By Tech. Sgt. Paul Dean
407th Air Expeditionary Group Public Affairs
Dec. 29 2005
ALI BASE, Iraq --Another small dot drags a string of numbers with it as it hesitantly shuffles onto the screen; now there are 30 of them (dots with numbers that is).
Airman 1st Class Grant Gers slips a strip of paper no wider than the margin in your favorite magazine and shorter than two sugar packs end to end toward him, neatly but quickly enters the squawk (four of the numbers'the call sign), the time, adjusts his clear-straw microphone and makes contact: "Welcome to my sky." The aircraft has entered the 50,000 square miles of Iraqi airspace controlled by a small group of Airmen working at the 407th Expeditionary Operations Support Squadron Area Control Center"a shoebox sized container too small to fall down in.
The aircraft will be under the control of the 407th EOSS ACC until one of the controllers releases it to a controller from neighboring airspace. It doesn't matter if the aircraft is Air Force One, a Coalition fighter, civil airliner, tanker, cargo bin or John Travolta tooling around in his Boeing 707, if it's flying in the southern third of Iraq the 407th EOSS ACC owns it.

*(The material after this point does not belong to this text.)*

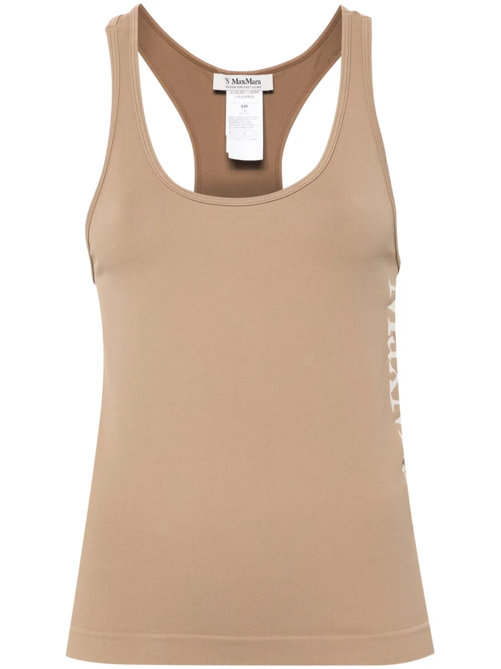 marron camel design stretch jersey technique col rond design sans manches brides à logo en jacquard dos nageur ourlet droit

The ACC sees every move the aircraft makes while it's in range of the radar, which sweeps every 4 seconds, arcs into two other countries, north to the suburbs of Baghdad, and scours from ground level to a ceiling of 60,000 feet.
ACC controllers will help the aircraft keep the correct course, log its progress through the airspace (so there's a record of the last contact point in case of in-flight emergencies or radar failure), tell the pilot when to exit the assigned airway (routing to the destination, refueling track or kill box) and keep it a safe distance from other aircraft. The ACC Airmen are so good at their job they can (and do) fly civilian and non-tactical military traffic through airspace being used for tactical operations.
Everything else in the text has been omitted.